A prescrição deve ser feita por um médico, a partir da avaliação do quadro clínico do doente. São considerados casos graves os pacientes que têm febre, tosse e dificuldade para respirar; e os principais fatores de risco são gravidez e doenças crônicas.
Para 2010, o Ministério da Saúde já distribuiu a todos os estados um total de 1,9 milhão de tratamentos do medicamento para tratar da gripe H1N1 - quantidade suficiente para tratar 38 vezes mais o número de casos graves de todo ano passado (48.978). As Secretarias Estaduais de Saúde são responsáveis pela distribuição aos municípios. Além disso, o Ministério da Saúde mantém estoque de 20 milhões de tratamentos para eventuais novas distribuições aos estados.
Imunização
A vacinação é uma das formais mais eficazes de prevenção contra diversas doenças, inclusive a gripe. Desde 1999, o Sistema Único de Saúde realiza anualmente campanhas de vacinação contra a gripe comum para os idosos, o grupo com maior risco de agravamento da doença. A vacinação de idosos, seguindo recomendação da Organização Mundial da Saúde (OMS), tem o objetivo de reduzir óbitos e internações causadas pela gripe.
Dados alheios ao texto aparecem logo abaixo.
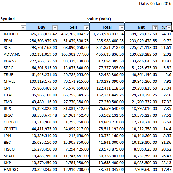 NVDR - 6/Jan/16 ** Top 20 - Buy & Sell **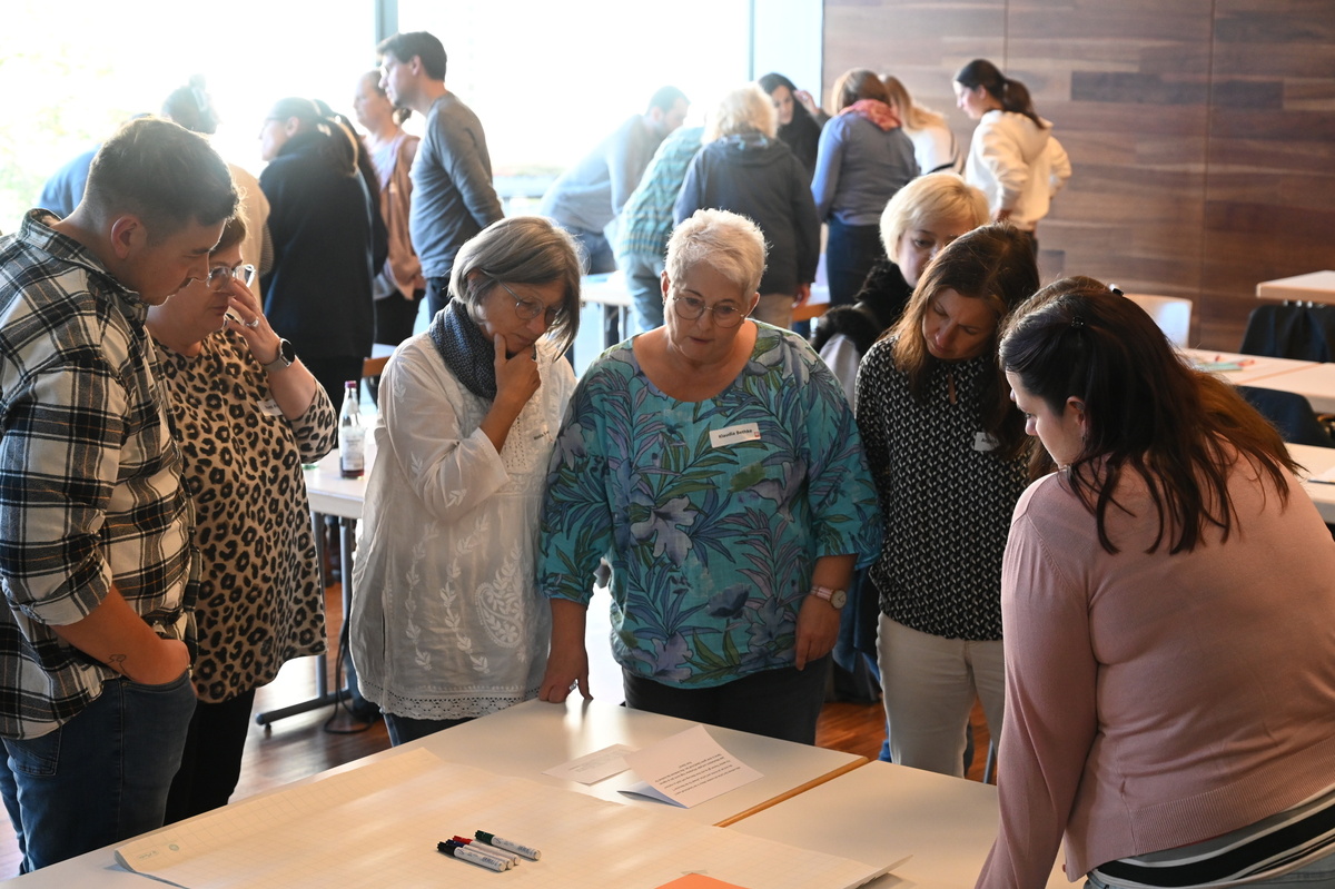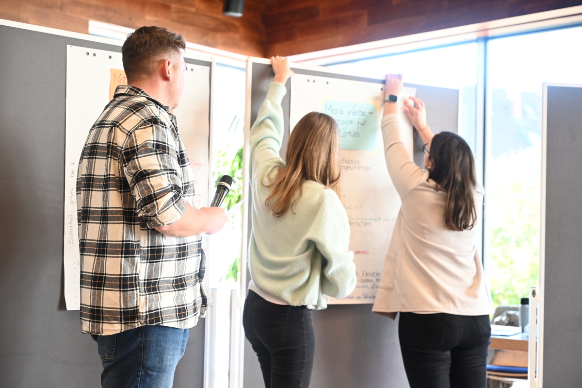 Die Nachmittage der drei Einführungstage nutzten die Teilnehmenden jeweils, um sich persönlich besser kennenzulernen und zu netzwerken. Dazu hatte das Team um Dr. Sebastian Schoknecht und Maria Wallrapp verschiedene Flipcharts aufgestellt, auf denen jeweils Thesen bzw. Fragestellungen zu lesen waren. Diskutiert wurde dabei unter anderem, was für jeden einzelnen für die Arbeit bei der Caritas wichtig ist, aus welchen Quellen der jeweilige Mitarbeitende seine Motivation zieht oder wo es Verbesserungspotenzial gibt.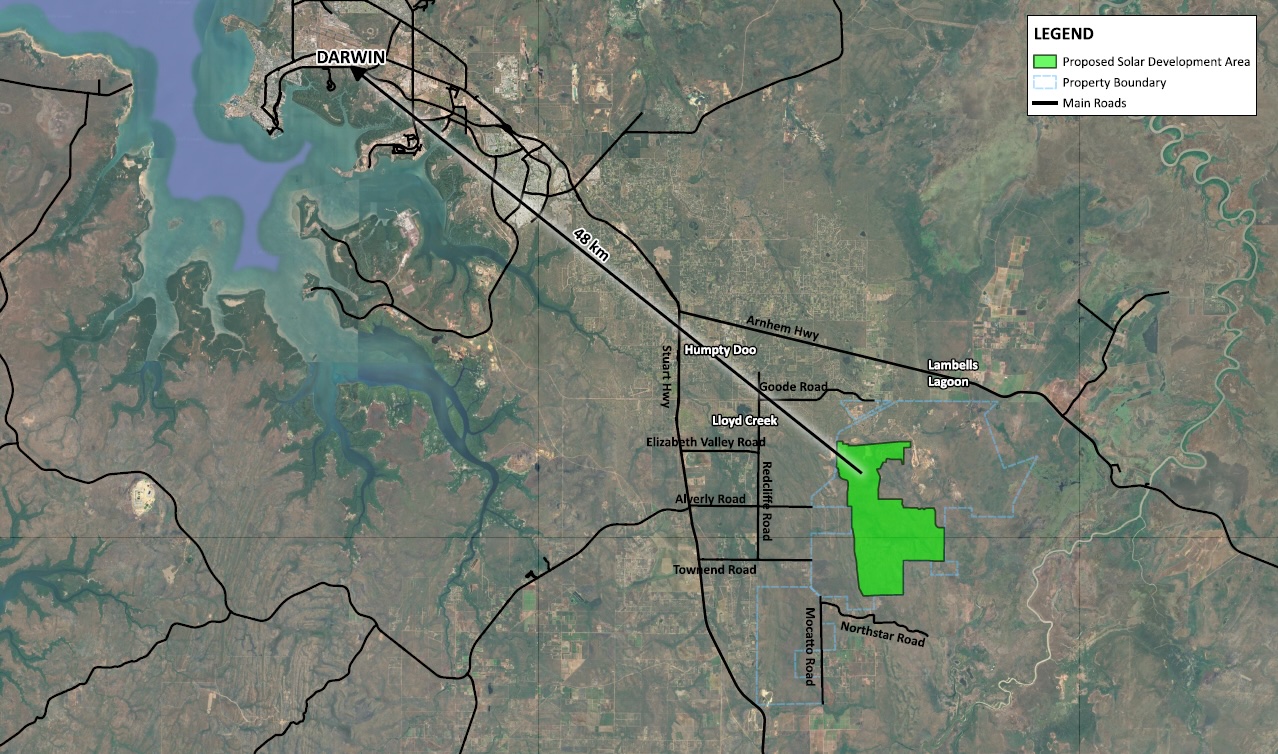 The Wak Wak solar project is proposed to be constructed on a pastoral station approximately 48 kilometres south-east of Darwin and 8 kilometres south-east of Humpty Doo. The project is proposed to consist of approximately 2.7 gigawatt-peak (GWp) of solar generation, and approximately 6 gigawatt-hour (GWh) of battery energy storage system (BESS).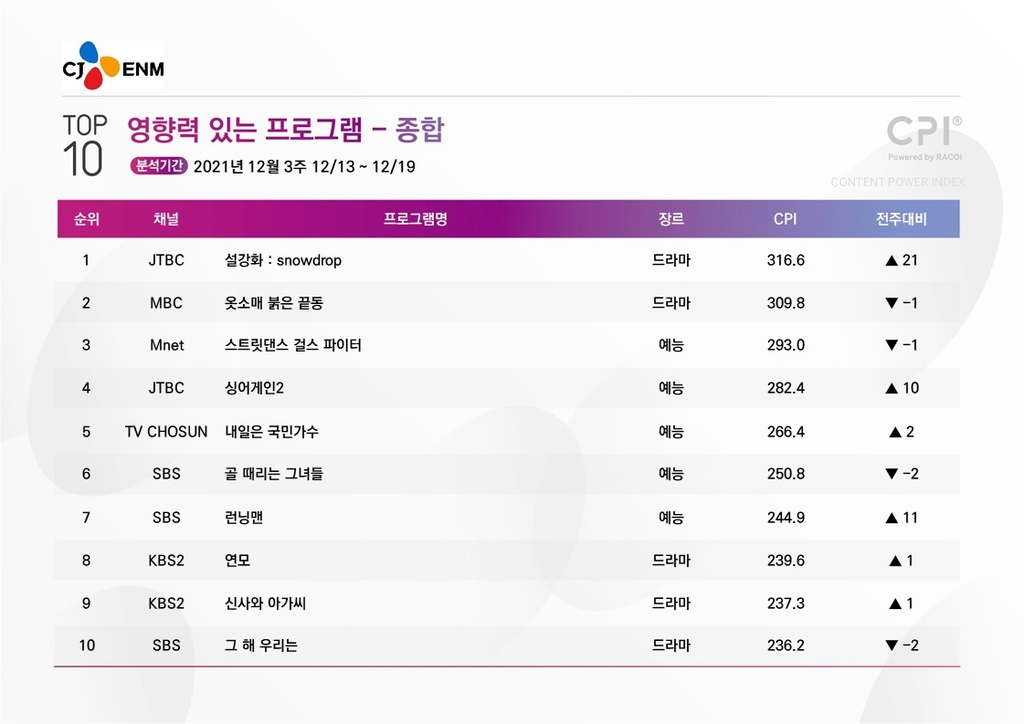 28일 CJ ENM이 발표한 12월 셋째 주(13∼19일) 콘텐츠영향력평가지수(CPI·하단용어설명 참고) 집계에서 JTBC 토일드라마 '설강화'와 SBS TV 스포츠 예능 '골 때리는 그녀들'(이하 '골때녀')이 종합 부문 1위와 6위에 올랐다. CPI 지수는 각각 316.6, 250.8을 기록했다.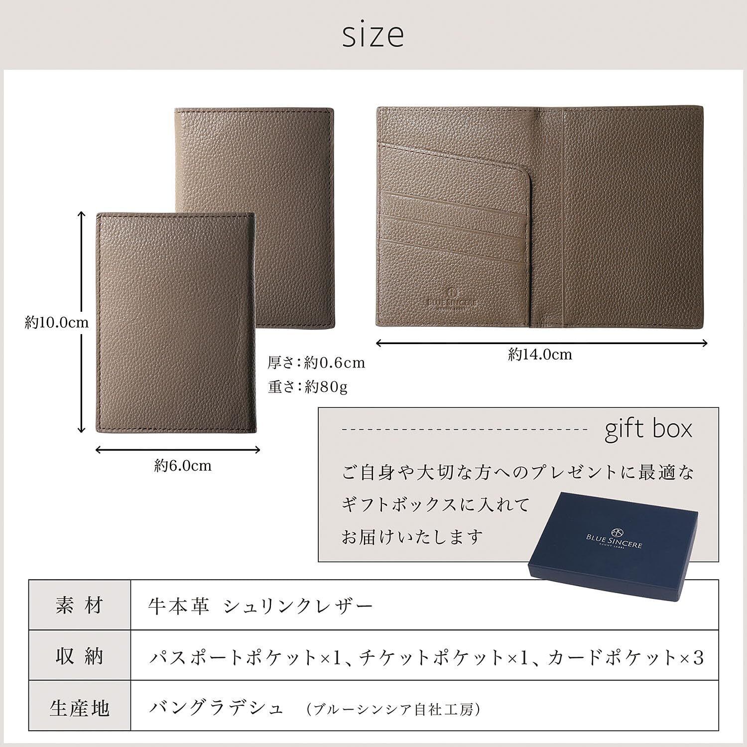 【 ブルーシンシアとは? 】 「ブランドの発展とともに、バングラデシュの社会問題を解決する」という理念を掲げ、 バッグや財布を自社工場のバングラデシュの職人たちと、その土地の素材の可能性を追求し、 先進国でも通用する高機能なプロダクトを生産しています。 【洗練された薄型二つ折りデザイン】シンプルで上品な外装に、自然皮革ならではの柔らかな質感と使うほどに深みを増す色合いが際立つパスポートケースは、旅先でのスタイルをさりげなく格上げしてくれる存在。内装には左側に3つのゆとりあるカードポケットと航空券などを収納できる幅広のフリーポケット、右側にはパスポートホルダーを備え、必要なものをスマートにまとめられる設計。大人の旅を快適にサポートし、上質なひとときをより豊かに彩る特別なパスポートケースです。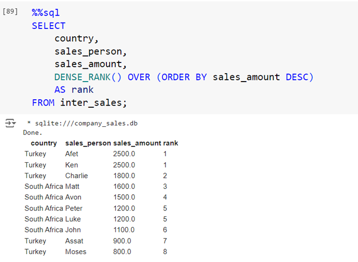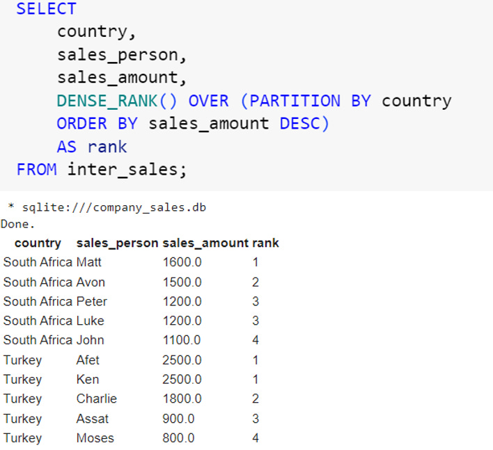 So far, when creating ranks, we have treated the whole dataset as one group. However, we can also divide the dataset into subsets of partitions and rank the data in each partition. Let’s look at a practical example. We want to know who the top salesperson is per country. If there is a tie, we want both sellers to be retrieved, and we don’t want gaps in the ranking. We can partition the data by country (that is, create two subsets, one for sellers in South Africa and another for sellers in Turkey) and rank the seller in each partition by the sales amount using DENSE_RANK(). See below: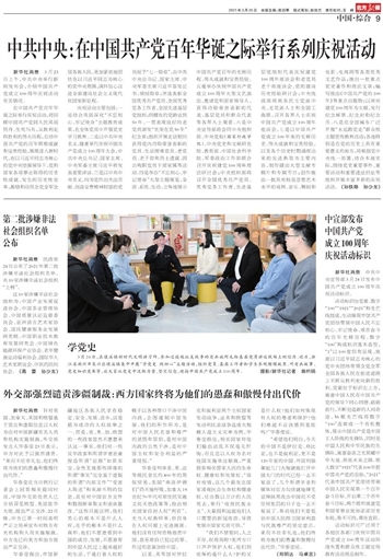 中共中央:在中国共产党百年华诞之际举行系列庆祝活动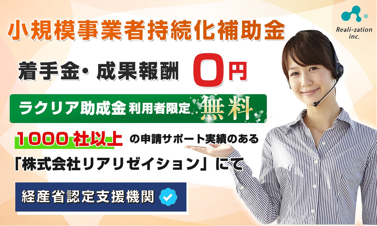「世界一優しい行政手続きに」をキャッチコピーとする、株式会社リアリゼイション(本社:東京都渋谷区)は、「小規模事業者持続化補助金」の申請代行について、同社サービス「ラクリア助成金」活用企業様むけに「着手金・成果報酬0円」のサービスを開始しました。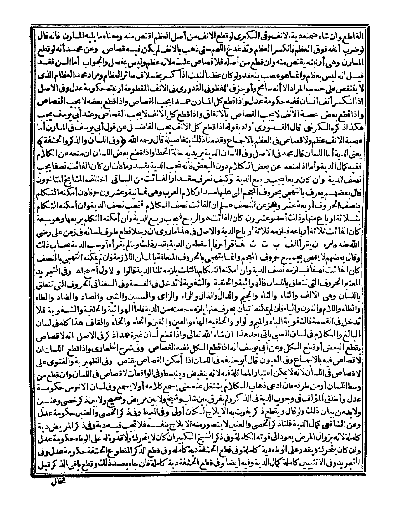 وَفِي التَّجْرِيدِ الْمُعْتَبَرُ الْحُرُوفُ الَّتِي تَتَعَلَّقُ بِاللِّسَانِ فَالْهَوَائِيَّةُ وَالْحَلْقِيَّةُ وَالشَّفَوِيَّةُ لَا تَدْخُلُ فِي الْقِسْمَةِ وَفِي السِّغْنَاقِيِّ الْحُرُوفُ الَّتِي تَتَعَلَّقُ بِاللِّسَانِ وَهِيَ الْأَلْفُ وَالتَّاءُ وَالثَّاءُ وَالْجِيمُ وَالدَّالُ وَالذَّالُ وَالرَّاءُ وَالزَّايُ وَالسِّينُ وَالشَّيْنُ وَالصَّادُ وَالضَّادُ وَالطَّاءُ وَالظَّاءُ وَاللَّامُ وَالنُّونُ وَالْيَاءُ، فَإِنْ لَمْ يُمْكِنْهُ إتْيَانٌ بِحَرْفٍ مِنْهَا يَلْزَمُهُ حِصَّتُهُ مِنْ الدِّيَةِ فَأَمَّا الْهَوَائِيَّةُ وَالْحَلْقِيَّةُ وَالشَّفَوِيَّةُ فَلَا تَدْخُلُ فِي الْقِسْمَةِ فَالشَّفَوِيَّةُ الْبَاءُ وَالْمِيمُ وَالْوَاوُ وَالْحَلْقِيَّةُ الْهَاءُ وَالْعَيْنُ وَالْغَيْنُ وَالْحَاءُ وَالْخَاءُ وَالْقَافُ هَذَا كُلُّهُ فِي لِسَانِ الْبَالِغِ وَالْكَلَامُ فِي لِسَانِ الصَّبِيِّ يَأْتِي بَعْدَ هَذَا إنْ شَاءَ اللَّهُ تَعَالَى، وَإِذَا قَطَعَ لِسَانَ غَيْرِهِ عَمْدًا ذَكَرَ فِي الْأَصْلِ أَنَّهُ لَا قِصَاصَ بِقَطْعِ الْبَعْضِ أَوْ قَطْعِ الْكُلِّ وَعَنْ أَبِي يُوسُفَ أَنَّهُ إذَا قَطَعَ الْكُلَّ فَفِيهِ الْقِصَاصُ وَفِي شَرْحِ الطَّحَاوِيِّ، وَإِذَا قُطِعَ اللِّسَانُ أَنْ لَا قِصَاصَ فِيهِ بِالْإِجْمَاعِ وَفِي الْعُيُونِ قَالَ أَبُو حَنِيفَةَ فِي اللِّسَانِ إذَا أُمْكِنَ الْقِصَاصُ يُقْتَصُّ وَفِي الظَّهِيرِيَّةِ وَالْفَتْوَى عَلَى لَا قِصَاصَ فِي اللِّسَانِ لِأَنَّهُ لَا يُمْكِنُ اعْتِبَارُ الْمُمَاثَلَةِ فِيهِ لِأَنَّهُ يَنْقَبِضُ وَيَنْبَسِطُ وَفِي الْوَاقِعَاتِ لَا قِصَاصَ فِي اللِّسَانِ، وَإِنْ قُطِعَ مِنْ وَسَطِ اللِّسَانِ أَوْ مِنْ طَرَفِهِ، فَإِنْ ادَّعَى ذَهَابَ الْكَلَامِ يَشْتَغِلُ عَنْهُ حَتَّى يَسْمَعَ كَلَامَهُ أَوْ لَا يَسْمَعَ وَفِي لِسَانِ الْأَخْرَسِ حُكُومَةُ عَدْلٍ وَأَطْلَقَ الْمُؤَلِّفُ فِي وُجُوبِ الدِّيَةِ فِي الذَّكَرِ وَلَمْ يُفَرِّقْ بَيْنَ شَابٍّ وَشَيْخٍ وَلَا بَيْنَ مَرِيضٍ وَصَحِيحٍ وَلَا بَيْنَ ذَكَرٍ خَصِيٍّ وَعِنِّينٍ وَلَا بُدَّ مِنْ بَيَانِ ذَلِكَ وَلَوْ قَالَ وَيُقْطَعُ ذَكَرٌ يَفُوتُ بِهِ الْإِيلَاجُ لَكَانَ أَوْلَى وَفِي الْمُحِيطِ وَفِي ذَكَرِ الْخَصِيِّ وَالْعِنِّينِ حُكُومَةُ عَدْلٍ وَعَنْ الشَّافِعِيِّ كَمَالُ الدِّيَةِ قُلْنَا ذَكَرُ الْخَصِيِّ وَالْعِنِّينِ لَا يُتَصَوَّرُ مِنْهُ الْإِيلَاجُ بِنَفْسِهِ فَلَا تَجِبُ فِيهِ دِيَةٌ.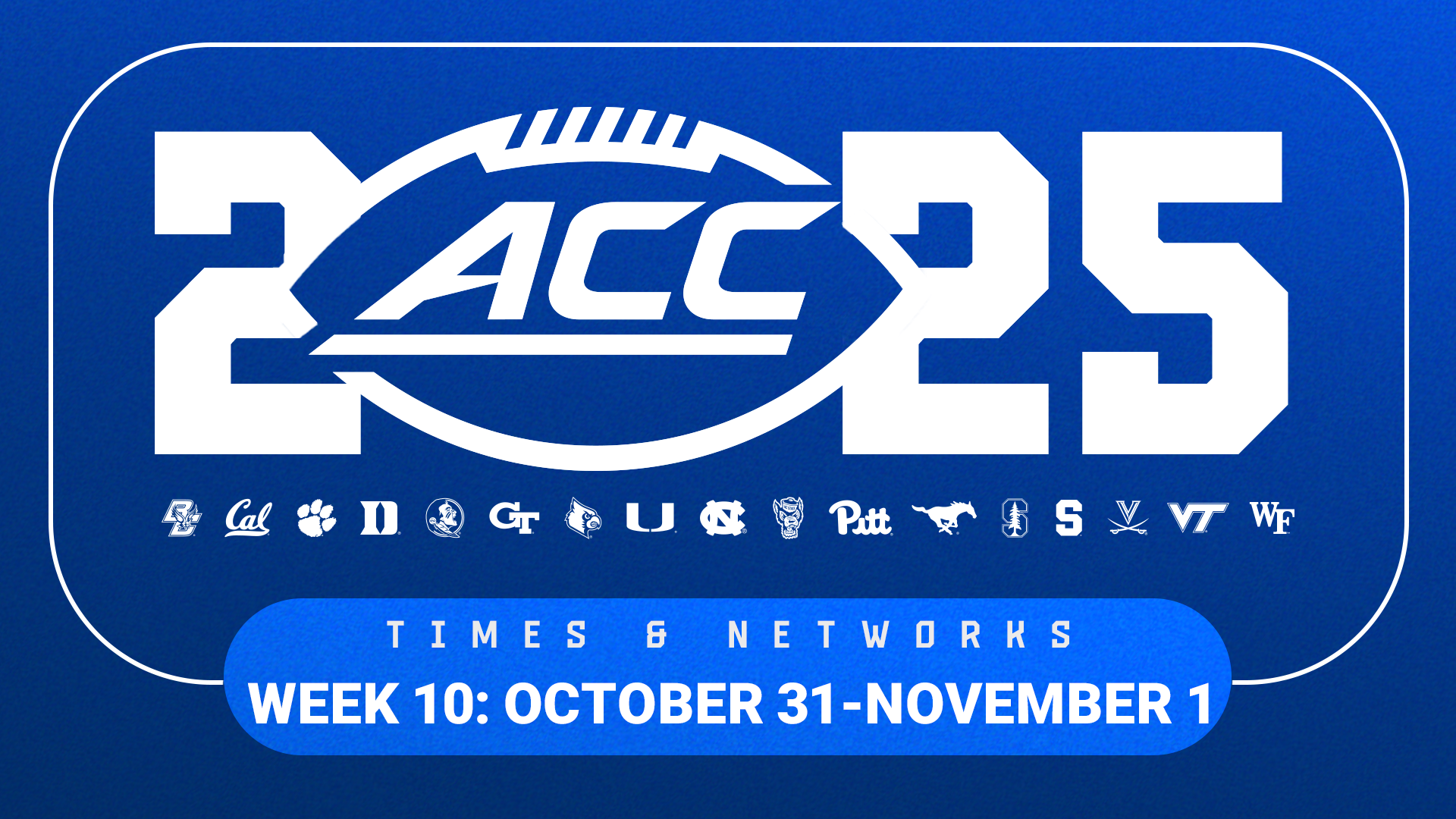CHARLOTTE, N.C. (theACC.com) – The Atlantic Coast Conference and its television partners have announced the following football game times and networks for Week 10 of the season, October 31-November 1.

No caso da gripe H1N1, o Ministério da Saúde realizou este ano a maior vacinação já ocorrida no mundo, imunizando mais de 85 milhões de pessoas, de acordo com os dados informados pelos estados e municípios até 01 de julho, o que representa 44% da população brasileira. O número coloca o Brasil na condição de país que mais vacinou em relação à população total, com um índice superior ao de países como Estados Unidos (26%), México (24%), Suíça (17%), Argentina (13%), Cuba (10%), França (8%) e Alemanha (6%).
Seguindo as orientações da OMS, no Brasil foram vacinados os grupos mais vulneráveis às complicações e às mortes causadas pelo vírus H1N1: gestantes, doentes crônicos, adultos de 20 a 39 anos, crianças de 6 meses a menores de 5 anos, além de trabalhadores de saúde e indígenas.